Una raccolta di eventi e vicissitudini da non sembrare, quasi, appartenere al secolo scorso, e, seppur con qualche differenza lieve, ma non sostanziale, lo specchio dell’attuale società vissuta nel Sud del mondo.
Il padre del celeberrimo Sherlock Holmes, figura emblematica e carismatica che ha cavalcato il tempo fino a divenite un’icona del genere, si cimenta, in un’opera di un’attualità estremamente vicina ad ogni tipo di cultura, tempo e luogo, quindi, che permette, al lettore attento e scrupoloso di effettuare un parallelismo storico estremamente importante, dato che siamo il frutto del nostro vissuto e saremo la proiezione del nostro presente.

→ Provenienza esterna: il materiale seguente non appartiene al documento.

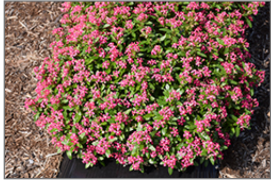
Soiree Kawaii Coral Vinca in bloom

Soiree Kawaii Coral Vinca is a fine choice for the garden, but it is also a good selection for planting in outdoor containers and hanging baskets. Because of its trailing habit of growth, it is ideally suited for use as a 'spiller' in the 'spiller-thriller-filler' container combination; plant it near the edges where it can spill gracefully over the pot. Note that when growing plants in outdoor containers and baskets, they may require more frequent waterings than they would in the yard or garden.
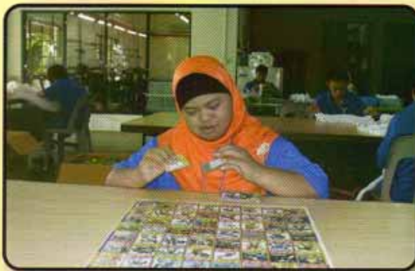
▲ Contract Assembly & Packaging

The entire batch of ten pupils in this programme have since successfully completed the first year of training. Entering into their second year, an "Individualised Vocational Training Plan" is used to determine individual strengths and inclinations of each one of the participants. Pupils are evaluated based on performance, capabilities, interests and even family expectations, and equipped with the necessary skills accordingly, so as to enable them to be successful in seeking gainful employment eventually.

Pubblicato per la prima volta nel 1908, Il crimine del Congo è tradotto in italiano per l’edizione Bordeaux del 2020 e accompagnato da un’ampia introduzione storica da parte di Giuseppe Motta professore associato di Storia delle Relazioni Internazionali presso il Dipartimento di Lettere e Culture Moderne della Sapienza Università di Roma.
Il tratto consolidato di Doyle, quindi, si arricchisce, in questa edizione, di approfondimenti e riflessioni sullo strato collettivo dell’epoca e sulla condizione di potere e supremazia che la classe dominante intendeva imporre quale status sociale.
“Il crimine del Congo” deve intendersi, quindi, come una vera e propria denuncia degli atteggiamenti per l’appunto criminosi del regime belga, impostosi come pseudo dittatura a soppressione di ogni diritto umano.
Coglie bene, quindi, il professore Motta nella sua prefazione quando sottolinea che “L’esplorazione dei territori africani diventava essenziale per aprire nuove strade in regioni rimaste in gran parte sconosciute, rese ancora più misteriose e affascinanti da avventure come quella di David Livingstone, il quale dopo aver scoperto le Cascate Vittoria partì alla ricerca della sorgente del Nilo, giungendo fino alla parte superiore del Congo.” Ricalcando, quindi, la innata necessità umana di scoprire nuove terre, di vivere nuove avventure e, desiderio ancor più recondito, ma purtroppo presente nella natura di ogni essere vivente, riuscire a predominare e irrompere con la propria forza presso un dominio già precostituito.
Oltre a curare la redazione di questo manoscritto il professore Giuseppe Motta si è occupato prevalentemente di storia delle minoranze nel XX secolo, tema a cui ha dedicato numerosi volumi e articoli in riviste scientifiche. Fra le sue pubblicazioni più recenti The Great War against Eastern European Jewry, 1914-1920 (Cambridge 2017), Less than Nations. CentralEastern European Minorities after World War I (Cambridge 2013) e Robie. La schiavitù dei rom in Valacchia e Moldavia (Roma 2013).